With some important economic data ahead (PPI, Retail Sales, and Jobless Claims), futures have been rallying this morning. Some of the positive air has been let out of the balloon, though, as the data was, for the most part, disappointing. We’ll start with the good news. Both Initial and Continuing Jobless Claims were better than expected. On the downside, Retail Sales rose less than expected across the board, and to make matters worse, January’s reading was also revised lower. PPI was also disappointing relative to expectations as the headline reading came in at double expectations (0.6% m/m vs 0.3% forecast). Core PPI was closer to expectations at 0.3% vs forecasts for an increase of 0.2%. As mentioned, even with the disappointing data, futures remain firmly in positive territory. As mentioned following the hotter-than-expected CPI earlier this week, while the inflation data was a disappointment, the commencement of rate cuts may be pushed out, but rate hikes still aren’t part of the conversation.

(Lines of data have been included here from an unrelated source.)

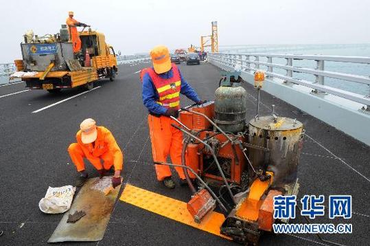 6月24日,工人在橋面上鋪設標識線。 新華社記者 李紫恒 攝
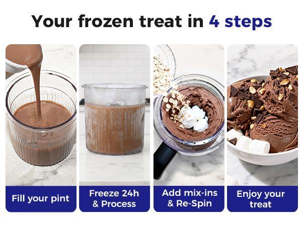 Create homemade frozen treats in three easy steps: prepare your base, freeze overnight, then process with one touch. Get smooth, delicious results every time.
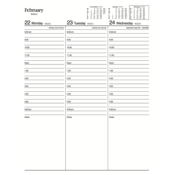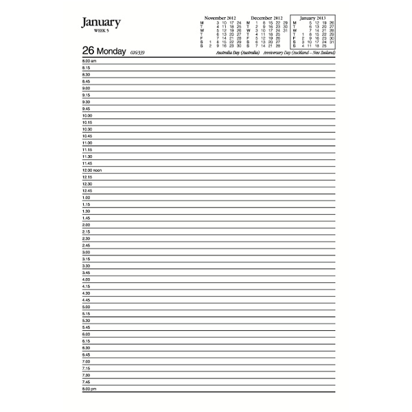 NEW LOOK! This popular series of diaries is available in both desk and pocket sizes. The Vanessa series is ideal for those 'on the move' with its double wiro binding and heavily grained metallic and matt PU cover. Printed on a subtle cream paper, each dated page layout features a six-month to view calendar, week numbers and Julian days, as well as both national and international public holidays. This series comes with the added feature of four-colour capital city maps and internal storage pocket in the desk diaries.

Yesterday was the 50th trading day of the year, and although the S&P 500 finished down for the day, there have still been 17 record closing highs so far this year. As shown in the chart below, this year’s total in the first 50 trading days of the year represents the most since 1998 when there were 20. This year is also just the fifth time since 1953 (when was the first full year of the five-trading day week in its current form) that 30% or more of a year’s first 50 trading days had record closing highs. Of the four prior years shown, the S&P 500 finished the year higher three times with the only exception being the 14.8% decline in 1987.
While 15 or more record closing highs in the first 50 trading days of a year is uncommon, for all 50-day periods it has been more common. The chart below shows the number of record closing highs over all 50 trading day periods since 1953. Looking at it this way, there have been plenty of other periods where there have been as many or much more record-closing highs over a 50-trading day span. Just as recently as September 2021, there were 25 in 50 days.
In terms of performance going forward, looking back at history, short-term market returns have tended to be below average in the week and month after similar periods where there were 15 or more record closing highs over 50 days, but six and twelve months later, average returns were pretty much the same whether there were 15 or more or less than 15.